Liquidity and Capital Resources

    The following is a summary of certain financial statistics related to the
liquidity of the Company at December 31, 1997, and at June 30, 1997.

                                              December 31, 1997   June 30, 1997
                                              -----------------   -------------
Cash, cash equivalents and investments         $   2,579,000       $  2,086,000
Working capital                                $  14,855,000       $ 12,939,000
Ratio of current assets to current liabilities         2.4:1              2.1:1

    On June 30, 1995, the Company purchased substantially all the assets of
Halltown Paperboard Company, Halltown, West Virginia and financed the
acquisition by securing $28.0 million in long-term bank financing, which was
scheduled to mature in the year 2002.  However, all interest-bearing debt was
repaid during June 1997.  On June 30, 1995, the Company entered into a $7.0
million revolving line of credit.  Through December 31, 1997, no amounts were
borrowed against the credit facility which expires June 30, 1998.  Outstanding
principal amounts on the revolving credit facility bear interest at a variable
rate equal to (i) the London Interbank Offered Rate, plus an agreed margin
(ranging from 50 to 150 points), which is to be established annually based upon
the Company's coverage of fixed charges or (ii) the bank's corporate prime
rate, less 0.75%.  Under the revolving credit facility, the Company is required
to adhere to several financial covenants some of which involve working capital,
current ratio, net worth and fixed charge coverage minimums.  The Company plans
to increase its revolving line of credit limit primarily due to the ongoing
expansion at the Company's wallboard production facilities.  This project will
double the productive capacity of the facility at an estimated cost of
$26,000,000.  Management believes that cash and investments, internally
generated funds, supplemented as needed by advances under a revolving credit
facility, will be sufficient to meet the Company's short-term working capital
requirements.

    The Board of Directors of the Company approved budgeted capital
expenditures of $8.0 million, not including the expansion project at the Duke,
Oklahoma wallboard facility, for fiscal 1998. There have been approximately
$3.3 million in fixed asset additions, not including the Duke, Oklahoma
facility, 




                                      9
<PAGE>   11

through December 31, 1997. This amount includes some capital projects
carried over from fiscal 1997.  Cash provided by operations, existing cash
balances and the Company's line of credit facility should be sufficient to fund
all planned capital expenditures.

    On January 27, 1998, the Board of Directors of the Company declared a
quarterly cash dividend of $.09 per share of common stock to be paid on March
16, 1998 to stockholders of record on February 27, 1998.  Dividend payments
will total approximately $1,054,000.

Forward-Looking Statements

    Certain matters discussed in this Securities and Exchange Commission Report
on Form 10-Q may constitute forward- looking statements within the meaning of
the federal securities laws.  These forward-looking statements are based on
current expectations and entail various risks and uncertainties that could
cause actual results to differ materially from those contemplated by the
forward-looking statements due to a number of factors, including general
economic conditions, competition, market acceptance of selling price increases,
raw material costs, facility fuel costs and other risks detailed from time to
time in the Company's filings with the Securities and Exchange Commission,
including its annual reports on Form 10-K, quarterly reports on Form 10-Q and
current reports on Form 8-K.




                                     10
<PAGE>   12
PART II.  OTHER INFORMATION

Item 1.  Legal Proceedings

         On October 17, 1997, the West Virginia Division of Environmental
         Protection ("DEP") filed a complaint against Republic Paperboard
         Company of West Virginia (the "West Virginia Subsidiary") in the
         Circuit Court of Jefferson County, West Virginia.  The complaint
         alleges that the West Virginia Subsidiary has violated and continues
         to violate a previous order entered into between the West Virginia
         Subsidiary and DEP on January 17, 1995 and further alleges that the
         West Virginia Subsidiary has violated and continues to violate certain
         provisions of its wastewater discharge permit.
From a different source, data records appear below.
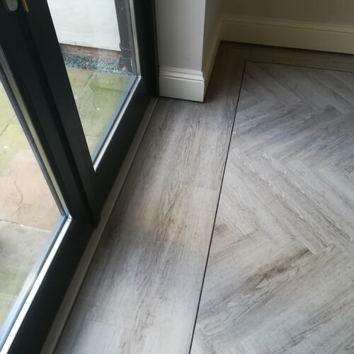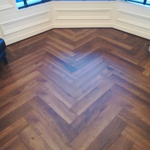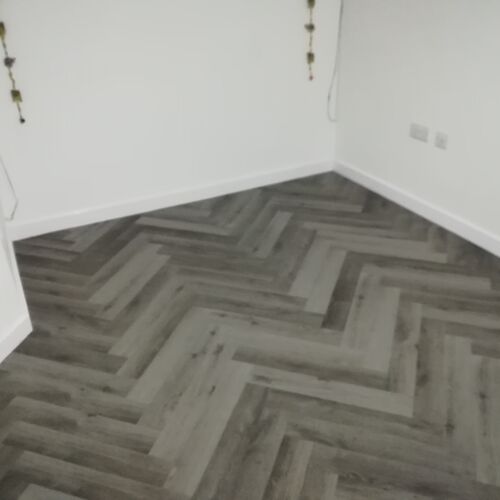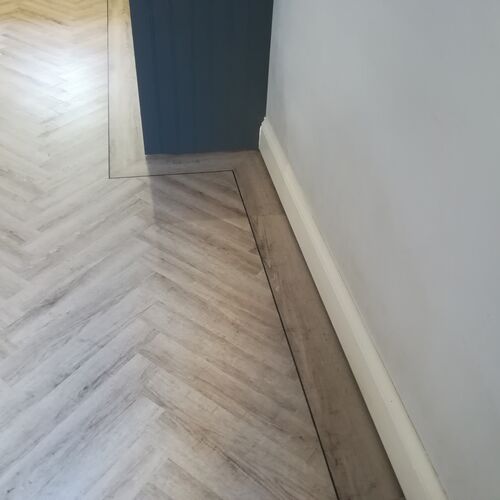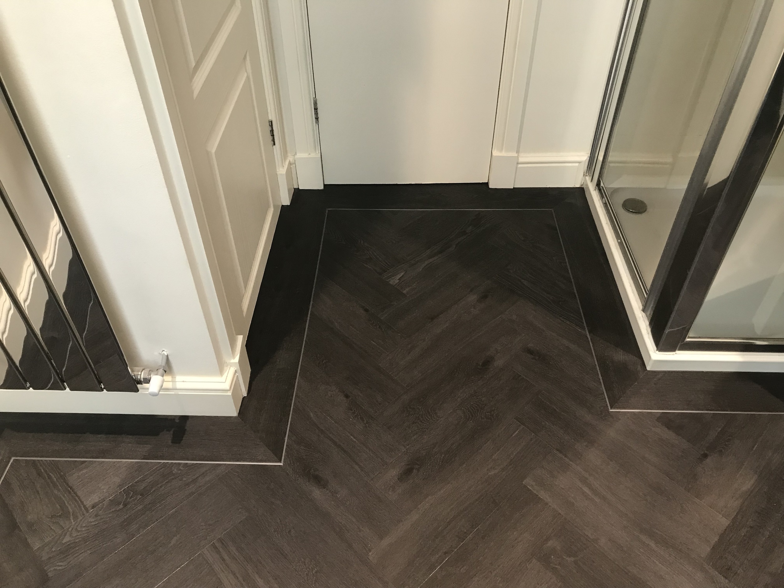 Residence in Chester le street. Client required uplift of the old flooring. Then 6mm flooring grade plywood was laid. The client choose Lk Hausys in fumed timber with a large plank for the border with a silver feature strip. To finish the look a large herringbone plank for the infill.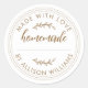 Rustique, moderne et simple pâtisserie maison ou collant de conserverie à la confiture avec le texte fait maison, fait avec amour et votre nom en or stylisé à la main calligraphie et typographie sur un arrière - plan blanc. Ajoutez simplement votre nom au étiquette. Inscrivez les noms des produits sur les autocollants lorsque vos produits sont prêts. Conçu exclusivement pour vous par Happy Dolphin Studio !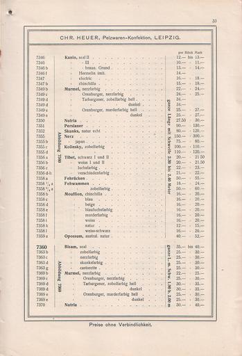 | Keywords: Chr. Heuer, Leipzig, Pelz-Konfektions-Katalog 1908-1909 -33.jpg  Chr Heuer Leipzig Ausgabe Saison 1908-1909 Konfektions-Katalog Leipzig Reichsgasse Nr 34 Pelzwaren Fabrikation Rauchwaren-Lager Filialen in Köln Schildergasse 55 a1; Breslau Blücherplatz 20 Ecke Ring Vertreten in Königsberg i Pr Heinrich Lange Magisterstrasse 28 Paris G Créveux 97 Rue d'Aboukir Neapel R Giustiniani 33 Via Guglielmo Sanfelice Haag G J Wijtenberg 78 Schenkweg Kopenhagen Fr Löwenstein 134 Osterbrogade Chr Heuer Leipzig Pelz-Konfektions-Katalog 1908-1909 - jpg 32 34 Chr Heuer Leipzig Ausgabe Saison 1908-1909 Konfektions-Katalog / Collection Kuhn 1908 Chr Heuer PD-old Chr Heuer Leipzig Pelz-Konfektions-Katalog 1908-1909 Rabbit fur advertising Marmot fur advertising Nutria fur advertising Karakul fur advertising Skunk fur advertising Mink fur advertising Kolinsky fur advertising Tibet lamb fur advertising Squirrel fur advertising Mouflon fur advertising Possum fur advertising Musquash fur advertising |

The West Virginia
         Subsidiary discharges treated process wastewater into a creek running
         through its Halltown, West Virginia facility (the "Facility") pursuant
         to a permit issued to the West Virginia Subsidiary by DEP.  The permit
         requires that the quality of the water that may be discharged into the
         creek under the permit comply with certain effluent limitations.  The
         complaint alleges that the West Virginia Subsidiary has violated this
         permit by discharging wastewater into the creek that contained
         effluents in excess of the permit limitations.  The complaint alleges
         33 violations over a time period from October 1995 to March 1997.  The
         complaint also alleges that the earlier administrative order has been
         violated because of the failure of the West Virginia Subsidiary to pay
         a stipulated penalty of $1,000 for two alleged violations of the
         permit that occurred between January 1995 and October 1995.  DEP is
         seeking by virtue of the complaint to require the West Virginia
         Subsidiary to enter into a consent agreement that sets forth a
         compliance schedule for correcting the alleged deficiencies in the
         wastewater treatment facilities of the West Virginia Subsidiary that
         have led to the alleged effluent exceedances.  DEP is also requesting
         a civil monetary penalty of an unspecified amount but which, according
         to the complaint, may not exceed $10,000 per day for each of the
         alleged violations.  DEP is also seeking to recover all of its costs
         of court including attorneys fees.  The West Virginia Subsidiary has
         responded in a timely manner to the allegations of the complaint.  At
         this time, the Company has not ascertained the future liability, if
         any, of the above matter.

Item 2.  Changes in Securities
         Not applicable.

Item 3.  Defaults Upon Senior Securities
         Not applicable.

Item 4.  Submission of Matters to a Vote of Security Holders

         Information regarding the submission of matters to a vote of security
         holders is set forth in Item 4 of Part II of the Company's previously
         filed Securities and Exchange Commission Report on 10-Q for the
         quarterly period ended September 30, 1997 and is incorporated herein
         by reference.

Item 5.  Other Information
         Not applicable.

Item 6.  Exhibits and Reports on Form 8-K.

         (a)  Exhibits
                 27        Article 5 of Regulation S-X-Financial Data Schedule.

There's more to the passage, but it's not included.